Moody’s relève la perspective de la note souveraine du Maroc à "positive"

Moody’s relève la perspective de la note souveraine du Maroc à "positive"

L’agence de notation américaine Moody’s a annoncé, vendredi 6 mars, la révision de la perspective de la note souveraine du Maroc, qui passe officiellement de «stable» à «positive». La note de long terme en devises locale et étrangère demeure quant à elle maintenue à «Ba1». Cette décision reflète la reconnaissance par l’institution des progrès économiques et budgétaires réalisés par le Royaume ces dernières années.

Selon l’analyse de Moody’s, ce passage à une perspective positive s’appuie sur plusieurs avancées macroéconomiques significatives. L’économie marocaine bénéficie actuellement d’une croissance solide, soutenue par un contexte favorable, la mise en œuvre de réformes structurelles et une accélération notable des investissements. Parallèlement, la stratégie de consolidation budgétaire de l’État commence à produire des résultats, portée notamment par une progression continue des recettes fiscales.

L’agence estime que si cette dynamique de croissance et de discipline budgétaire se confirme, elle pourrait permettre une réduction de la dette publique plus rapide que prévu, ouvrant ainsi la voie à une éventuelle amélioration de la notation souveraine du Maroc à moyen terme.

Le maintien de la note à «Ba1» traduit toutefois un équilibre entre les atouts structurels du Royaume et les défis auxquels il reste confronté. Les analystes de Moody’s mettent en avant la solidité des institutions marocaines, la qualité de la gouvernance et la prudence de la gestion macroéconomique. La diversification progressive de l’économie, l’existence de réserves de change adéquates ainsi que l’accès confortable aux marchés de financement nationaux et internationaux renforcent la résilience du pays face aux chocs externes.

En revanche, l’agence souligne que les finances publiques demeurent sous pression. Le financement des grands programmes sociaux et l’ampleur des investissements dans les infrastructures continuent de peser sur le budget de l’État. Ces engagements interviennent dans un contexte où le pays reste exposé aux aléas climatiques, notamment aux épisodes de sécheresse.

Par ailleurs, le niveau de revenu par habitant encore relativement modeste ainsi que les engagements financiers potentiels liés au vaste réseau d’entreprises publiques limitent, pour l’instant, le potentiel d’amélioration de la notation souveraine.

Au-delà de cette évaluation, Moody’s a également confirmé les plafonds pays, qui mesurent les risques pour les acteurs économiques opérant au Maroc. Le plafond en monnaie locale reste fixé à « Baa1 », soit trois crans au-dessus de la notation souveraine. Ce niveau traduit la forte prévisibilité institutionnelle et la faible vulnérabilité externe du Royaume, malgré le poids important du secteur public dans l’économie.

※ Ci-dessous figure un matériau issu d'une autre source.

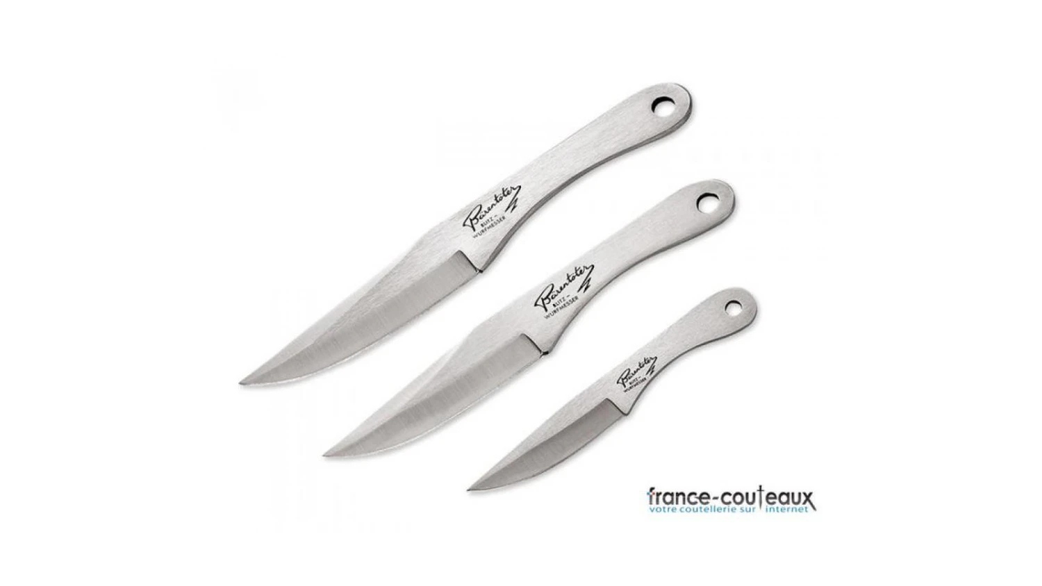 Notre avis : C’est un ensemble de couteaux en acier monobloc simple robuste. Ces couteaux sont équilibrés au centre, ce qui permet de les lancer aussi bien par la lame que par le manche. Poids de 90 grammes par couteau qui est un bon rapport pour un lancer puissant. L’assortiment permettra de définir la taille et le poids qui vous convienne le mieux pour votre prochain achat de couteaux à lancer.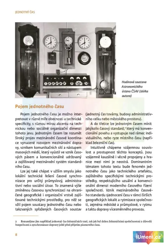 Časové ukazatele jsou určitými majáky doby. Zatímco starověké civilizace vztyčovaly obelisky a gnomóny, které byly osami světa, středověká Evropa časový ukazatel umístila na kostelní věž. Městské a měšťanské společnosti si čas umístily do průčelí radnic a úřadů, rozvinutější občanská společnost konce 19. a počátku 20 století čas liberalizovala jeho dostupností díky pouličním hodinám. Veřejný čas a informace o čase nesou vždy společenské a kulturní konotace. Vypovídají mnohé o politickém uspořádání a distribuci moci a hodnotách společnosti, která se jimi řídí. Kdo má právo určovat správný čas nebo pověření z vyšší moci rytmizovat řád světa.Jak docházkové hodiny, tak systémy jednotného času i lístkové informační tabule přinášely veřejnosti informace, které napomáhaly její disciplinaci, synchronizaci a rytmizaci. Zároveň však tím, že byly součástí veřejného prostoru, tvořily určitý typický vizuální prvek, jehož přítomnost reflektovala popkultura nebo umění. Ukazatele jednotného času, černobílé ciferníky podružných hodin produkovaných za první republiky firmou Jednotný čas, později československým podnikem Elektročas/Pragotron, tento emblematický fenomén mnohých veřejných budov, nádraží, fabrik škol a úřadů patří k určitým estetickým dominantám druhé poloviny 20. století.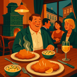 * Peter can now enjoy the dinner with his friends at Gasthaus Rebhuhn Wien!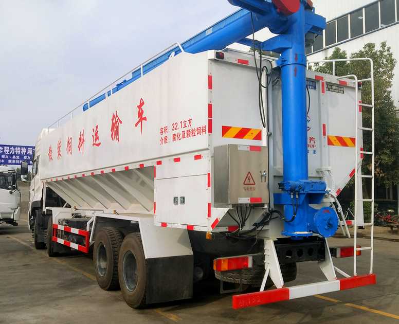 散裝飼料車,又名散裝飼料運(yùn)輸車,飼料運(yùn)輸車。結(jié)構(gòu)簡(jiǎn)單、性能可靠、輸送量大、操控方便、機(jī)動(dòng)性強(qiáng)、對(duì)物料無污染等特點(diǎn),廣泛應(yīng)用于各大中小型養(yǎng)殖企業(yè)的飼料的運(yùn)輸。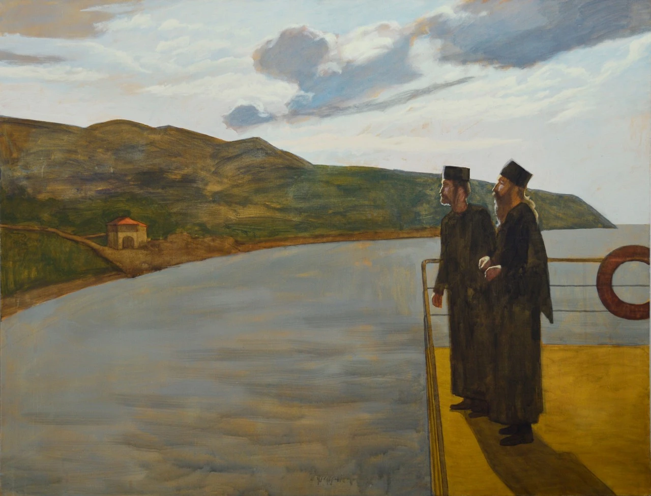 В студенчестве решил вдруг за день поехать на Афон, на другой день достал билеты, на третий день уже был там. Сам не понял как так вышло. В первом же монастыре «Дохиар» подходя к иконе Богоматери, вылились слёзы. Нашел палку, опираясь на неё прошагал неделю через камни, кусты, дороги между монастырями, (даже встретил своего тогда педагога, расписывающего храм). Помню, как резали помидоры с монахом, на освящёном солнцем балкончике и говорили об искусстве, как впервые держал в руках акулу и рыбу удильщик, поймаными монахом, и как переодели меня всего т. к. одежду всю пришлось постирать. Как я не знающий английского языка, общался на английском и меня понимали и я понимал.
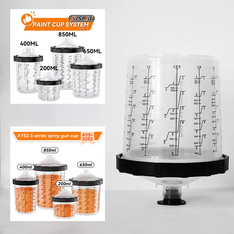 Na voortdurende inspanningen heeft Qingdao Aspaint zijn nieuwe gepatenteerde product gelanceerd: het 650 ml Speedy Paint System 2.0. Het verbrede mondstuk en het nieuwe geleidegeleidingsontwerp op het deksel zorgen voor gemakkelijker en efficiënter schilderen. De buitenbeker en de verpakking ondersteunen het logo op maat, waardoor uw merkinvloed wordt vergroot. Daarnaast bieden we ook formaten van 200 ml, 400 ml en 800 ml om aan verschillende situaties en behoeften van schilders te voldoen. Gebruik elk deel van de verf om nul afval bij schilderwerk te bereiken!

Le plafond en devises étrangères est pour sa part maintenu à « Baa2 », soit un cran en dessous du plafond en monnaie locale. Cette évaluation reflète un risque modéré de transfert et de convertibilité en cas de crise financière majeure. L’agence souligne enfin que le Maroc poursuit sa stratégie de libéralisation progressive de son régime de change, une transition menée avec prudence et appelée à se poursuivre de manière graduelle.